Hannock’s 8 x 12 foot painting, Northern City Renaissance, Mauve Dawn (Mass MoCA #161), was included in the May 17–September 21, 2014 exhibition Shafts of Light: Mining Art in the Great Northern Coalfield at the Bowes Museum in County Durham in northern England. The painting is the same in size and theme his earlier work, Northern City Renaissance: Newcastle, England (Mass MoCA #79-E), which was commissioned by the musical artist, Sting for the November 2008, opening of the Laing Art Gallery in Newcastle, England.

In 2014, the Yale University Art Gallery acquired Hannock’s 2013 painting The Oxbow for Frank Moore and Dan Hodermarsky (Mass MoCA #196). The polished mixed media on canvas over panel work measures 48 x 72 inches.

Also in 2014, Hannock was invited to curate an exhibition of contemporary art to be held at The Thomas Cole House––home and studio of 19th century American artist Thomas Cole––and Olana, the home of Cole's student, Frederic Edwin Church. The exhibition of 28 artists, open May 3 through November 1, 2015 and entitled Rivercrossings is the first-ever collaboration between these two historic sites of American art. A New York Times review of the show, stated:

“Rivercrossings is the project of the luminist painter Stephen Hannock, whose contemporary style owes much to the Hudson River School’s monumental studio work. Curators often talk about pieces in exhibitions creating 'a visual dialogue' with one another. But this show goes beyond polite discourse. Here the dialogue is like that overheard at a family reunion. In this case, 'family' is two centuries of American art."

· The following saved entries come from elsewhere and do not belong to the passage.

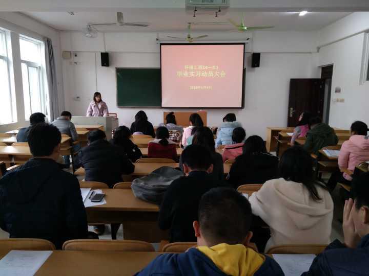 1月9日下午,我系组织环境工程专业2014-1班在践行楼2306教室召开毕业实习动员会。系党总支副书记兼学工组长黄运堪应邀参加,并作实习动员讲话,环境保护教研室全体教师以及环境工程2014- 1班全体学生参加了动员会。动员会由教研室主任梁宁主持。
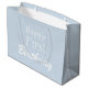 Niedlich pastellblau Happy Geburtstag Geschenktasche. Ideal, um ein Geschenk zum ersten Geburtstag eines Babys zu verpacken. Sehen Sie sich unsere Kollektion für schönere Geschenkverpackungsprodukte an. Dusty Blue Happy Erster Geburtstag Große Geschenktasche.
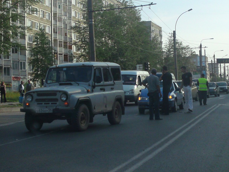 qaz Опубликовано 19 августа, 2009 Опубликовано 19 августа, 2009 Мира-Юбилейка. Девятка и похоже УАЗик.Стоят в разных местах. Видимых повреждений не видно. у девятки разбита левая фара за рулем женщина
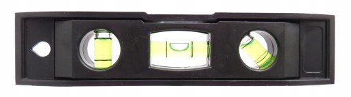 Poziomica wyposażona w 3 libelle ze szkła akrylowego, wypełnione wzmagającym widoczność, zielonym płynem.
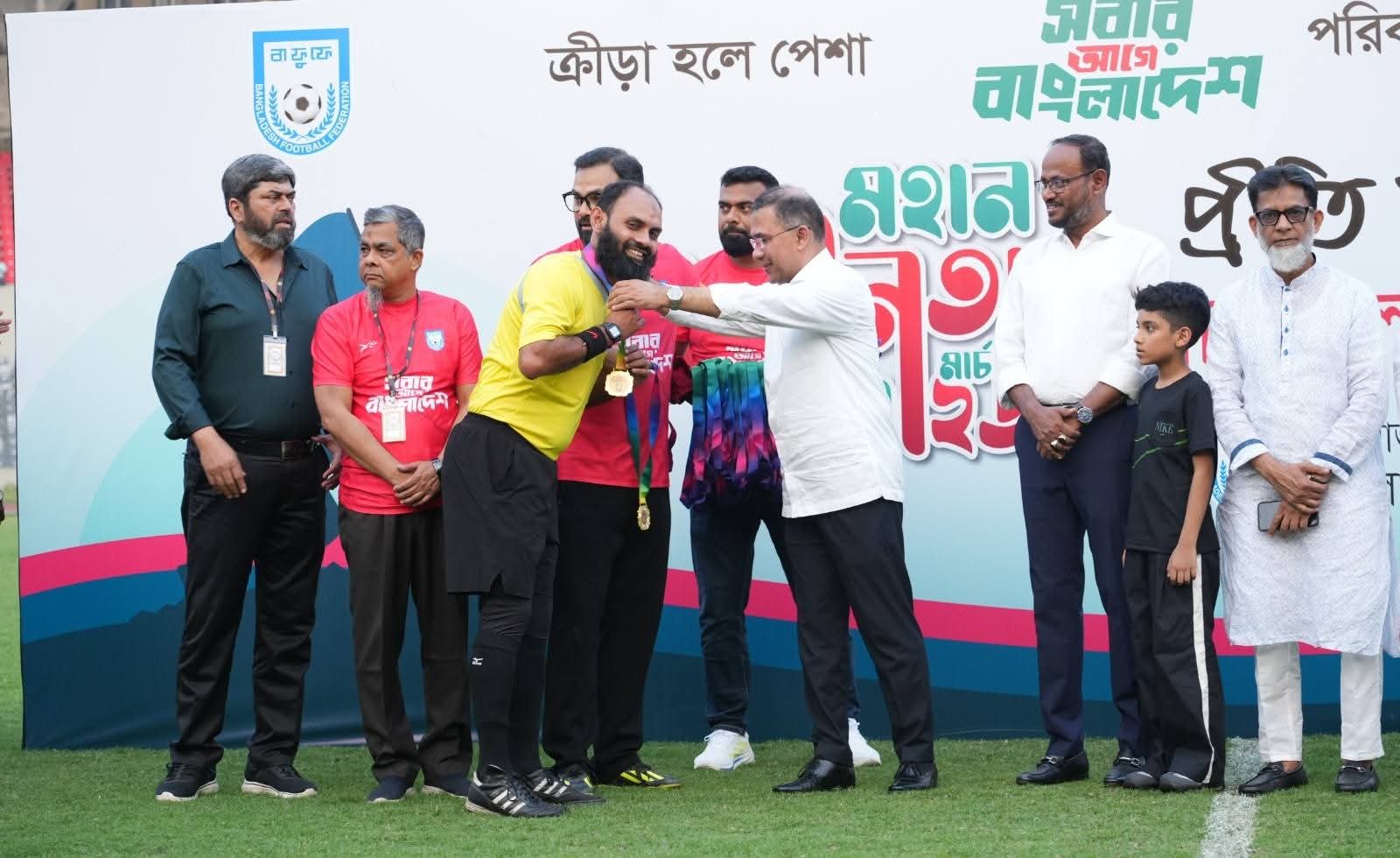 এ সময় প্রধানমন্ত্রীর কন্যা জাইমা রহমান, যুব ও ক্রীড়া প্রতিমন্ত্রী আমিনুল হকসহ ক্রীড়াঙ্গনের বিশিষ্ট ব্যক্তিবর্গ উপস্থিত ছিলেন। বাংলাদেশ ফুটবল ফেডারেশন (বাফুফে) আয়োজিত “স্বাধীনতার চেতনায় ফুটবল উৎসব” শীর্ষক এই ম্যাচে লাল ও সবুজ দল অংশ নেয়, যেখানে সবুজ দল ৩-০ গোলে জয়লাভ করে।
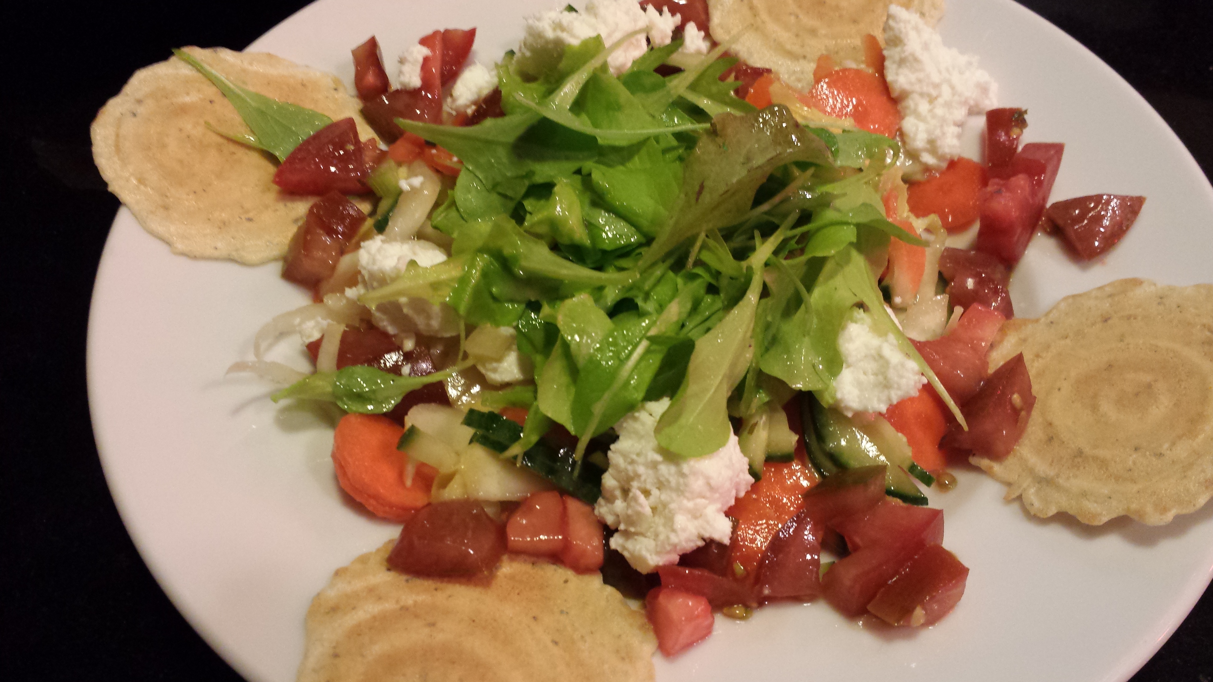 BabyGreensSaladAI Baby Greens Salad from my garden with Tomatoes, Cucumbers, Carrots and Goat Cheese Chunks. Dijon Mustard Vinaigrette. Rosemary Wafers. (Photo Credit: Adroit Ideals)
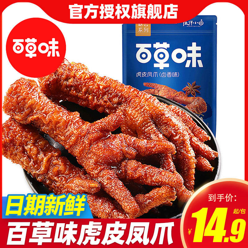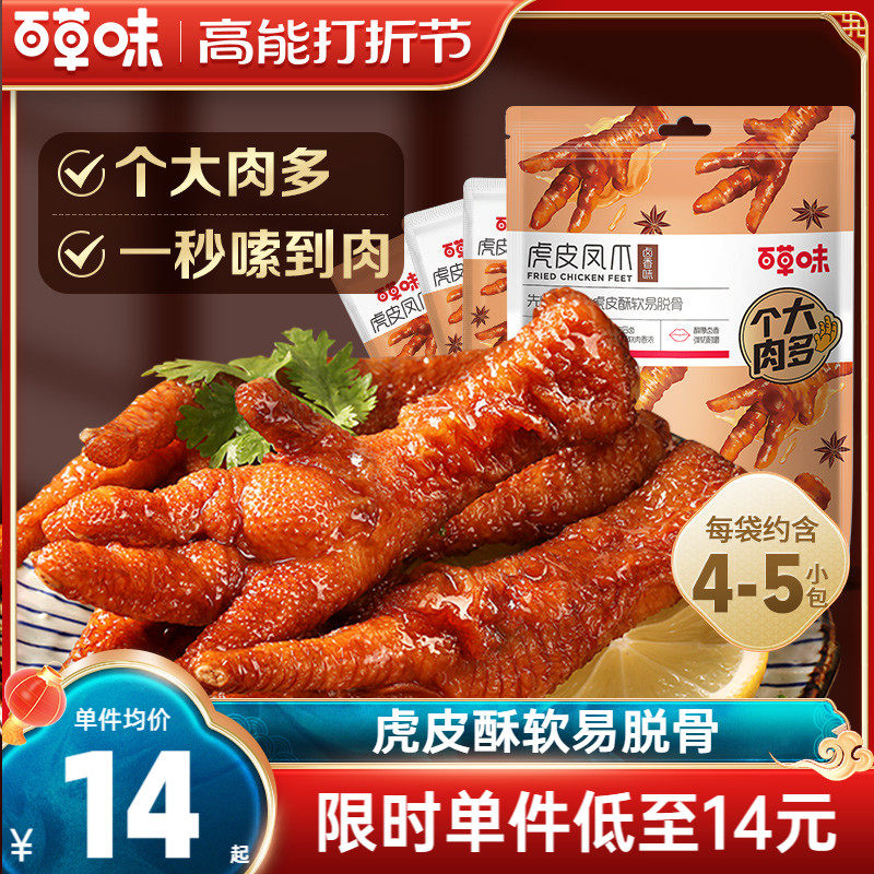 百草味虎皮凤爪120g*3包卤肉卤味香辣味酱鸡爪子肉类零食小吃批发

In the fall of 2015, Two Ponds Press of Camden, Maine will publish a limited edition book––The Last Ship, from the River of the Northern City––a three-year collaboration between Hannock and his long-time friend, the musician Sting. The book is a compendium of woodcuts by Hannock inspired by the music and lyrics for The Last Ship, the musical by the same name. Both book and musical center on the dying shipbuilding industry in Sting's hometown, Newcastle, a theme that has informed the work of Hannock and Sting for the last several years.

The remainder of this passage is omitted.